▶ **REQUIRED WORK**: Only the lines in the entries below from the line with "(서산=연합뉴스) 정윤덕 기자" to the line with "Fans immerse themselves", both included, belong in the answer, transcribed exactly and without pictures.

▶ **DATASET EXCERPTS**:
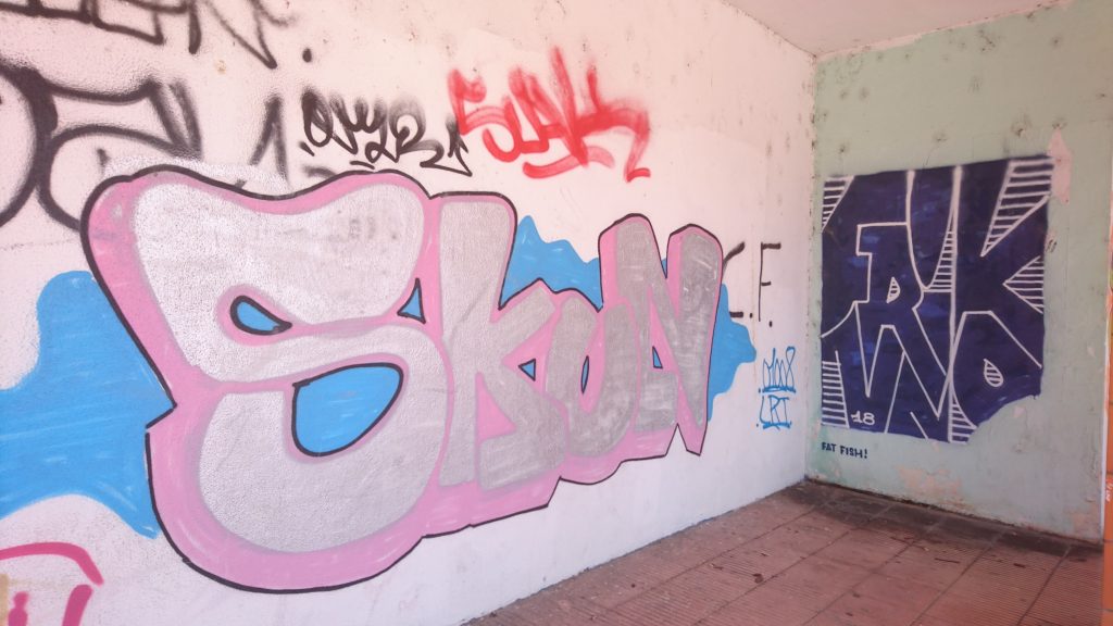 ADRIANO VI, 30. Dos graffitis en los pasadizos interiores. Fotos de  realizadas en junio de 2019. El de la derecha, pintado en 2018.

--

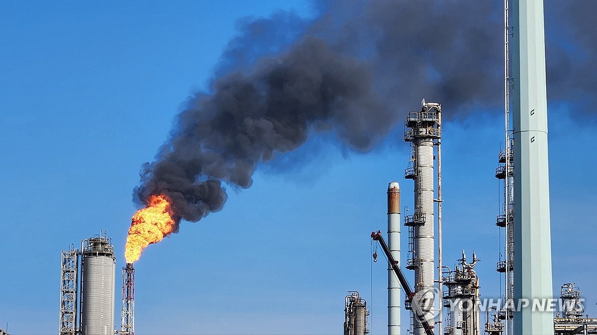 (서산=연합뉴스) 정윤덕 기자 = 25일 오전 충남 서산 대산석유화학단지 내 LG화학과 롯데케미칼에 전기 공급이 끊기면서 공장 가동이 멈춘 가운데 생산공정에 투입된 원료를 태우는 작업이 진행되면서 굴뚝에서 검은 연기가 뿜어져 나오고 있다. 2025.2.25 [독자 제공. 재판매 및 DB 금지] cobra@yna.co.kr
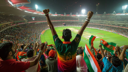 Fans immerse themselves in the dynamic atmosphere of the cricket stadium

▶ **ANSWER SPACE**:
 (서산=연합뉴스) 정윤덕 기자 = 25일 오전 충남 서산 대산석유화학단지 내 LG화학과 롯데케미칼에 전기 공급이 끊기면서 공장 가동이 멈춘 가운데 생산공정에 투입된 원료를 태우는 작업이 진행되면서 굴뚝에서 검은 연기가 뿜어져 나오고 있다. 2025.2.25 [독자 제공. 재판매 및 DB 금지] cobra@yna.co.kr
 Fans immerse themselves in the dynamic atmosphere of the cricket stadium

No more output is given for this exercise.